Gestion des Ray-grass en colza, quelle conduite à tenir en octobre ?

A. Micheneau – Terres Inovia

Très concurrentiel du colza à l’automne vis-à-vis de l’azote, le ray-grass est au rendez-vous de cette nouvelle campagne. Alors que les applications de prélevée représentent un intérêt stratégique dans la gestion du ray-grass, les impasses et/ou décalages en post levée précoces n’ont pas toujours permis un contrôle précoce de l’adventice. Face aux résistances vis-à-vis des antigraminées foliaires, et les conditions encore trop chaudes pour la propyzamide, pourquoi ne pas mobiliser le levier le plus efficace à ce stade : le binage ? 

75% des parcelles du Sud-ouest pourraient être binées puisque semées au semoir monograine.

La prélevée au cœur du jeu

Terres Inovia conseille de maintenir une intervention herbicide en prélevée pour permettre un contrôle précoce du ray-grass. Pourtant, cette intervention n’est pas systématiquement réalisée dans des situations à risque. Outre les impasses en prélevée, un trop grand nombre de parcelles voient l’application reportée en post levée précoce. Ce décalage, certes sécurisant (vis-à-vis du risque de mauvaise levée du colza et des difficultés de remplacement après une intervention à base de chloroacétamides), s’avère néanmoins bien moins efficace sur ray-grass qu’en prélevée stricte. Les premières levées de ray-grass sont concomitantes à celles du colza. Par conséquent, une application après les premières levées de ray-grass rend l’effet antigerminatif inopérant sur ces premières levées. 

Sur 10 essais réalisés par Terres Inovia, il est mis en évidence une perte d’efficacité moyenne de 15 points pour une application de post-levée précoce, par rapport à une prélevée comme le montre la figure 1. 

Les fenêtre de semis 2024, plutôt sécurisantes pour les levées grâce aux pluies régulières auraient dû favoriser les interventions de prélevée, même à bas coût. Ceci aurait permis d’éviter les nombreuses situations problématiques que nous rencontrons aujourd’hui vis-à-vis de l’adventice.

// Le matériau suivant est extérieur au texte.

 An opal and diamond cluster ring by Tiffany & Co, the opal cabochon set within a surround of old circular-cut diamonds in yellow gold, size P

Point sur les solutions de post levée : Entre résistance et conditions d’application

La résistance désormais fréquente, voire généralisée aux molécules inhibitrices de l’ACCase (familles dites des « fop » et « dime »), rend les antigraminées foliaires bien souvent inefficaces. 

La propyzamide présente par exemple dans le Kerb, ou le Ielo (associé à l’aminopyralide), représente le dernier levier chimique efficace sur des ray-grass levés. Cette molécule à action racinaire présente une rémanence intéressante dont dépend l’essentiel de son efficacité. Or, cette rémanence n’est permise qu’en conditions froides et humides. Appliquée trop tôt sur des sols encore bien réchauffés, la molécule se dégrade et s’avère d’une efficacité insuffisante. Par conséquent, son utilisation ne sera recommandée qu’à partir du mois de novembre. Les causes d’échec sont souvent dues à des conditions d’application non respectées.

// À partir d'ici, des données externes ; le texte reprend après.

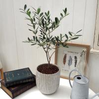 ややシルバーがかった小ぶりな葉と樹形が素敵な常緑樹で、おしゃれなカフェやレストランにも多く使われ、洋風化した日本の住宅のシンボルツリーとしても人気の高いオリーブ。 品種や育てる環境により実が付き始める年数や、実のサイズや数量は変わりますが、そのうちオリーブの実が収穫できるようになります。 雄雌同株で両性花をつけますが、オリーブは2本以上隣接して植えたりする方が実が付きやすいといわれています。 そんなオリーブをアンティーク陶器仕立てでご用意しました。 ■花材:オリーブ ■資材:陶製鉢6号(鉢皿付) ■サイズ:H約60cm、W約20cm ■送料:648円 ■お届け日:2017/05/05〜2017/06/30 (2017/06/25/16:00までのご注文であれば上記期間内で指定可) |

La voie du mécanique, un levier efficace !

Au regard des éléments concernant les herbicides, le contrôle des populations de ray-grass en octobre ne peut par conséquent s’envisager que par la voie mécanique, et en particulier par le binage. Une pratique tout à fait envisageable dans plus des 75% des parcelles de colza du sud-ouest puisque l’on y retrouve des écartements larges généralement de 60 cm (Enquêtes Terres Inovia 2022). Sur graminées, l’efficacité moyenne est mesurée à 56% dans nos essais, avec nécessairement une disparité entre l’inter rang et le rang. Une efficacité qui n’a rien à envier aux références herbicides de prélevée, plus encore lorsqu’elles sont dépositionnées en post-levée précoce. On estime en effet, une efficacité autour de 80% sur l’inter-rang pour des graminées encore peu développées, à 2-3 feuilles. Au-delà, l’efficacité décroit mais peut tout de même permettre de contrôler une partie des ray-grass. Sur le rang, l’efficacité restera inférieure à 20% (on peut retrouver cette légère efficacité grâce à un effet butage et/ou équipements type doigts kress).  

Par ailleurs, vis-à-vis des dicotylédones, dans le contexte du sud-ouest où les pressions sont souvent modérées à faibles, le binage pourrait dans bien des situations permettre une impasse herbicide sur dicotylédones. 

Les conditions humides du mois d’octobre peuvent favoriser le risque de repiquage et ainsi réduire l’efficacité. Toutefois, dans des situations où le ray-grass concurrence fortement le colza, un binage apportera un réel renfort au colza, en réduisant drastiquement la concurrence du ray-grass. Même si le ray-grass repart, cette action favorisera celle de la propyzamide lorsque les conditions idéales d’application seront réunies, généralement pas avant le 10 novembre.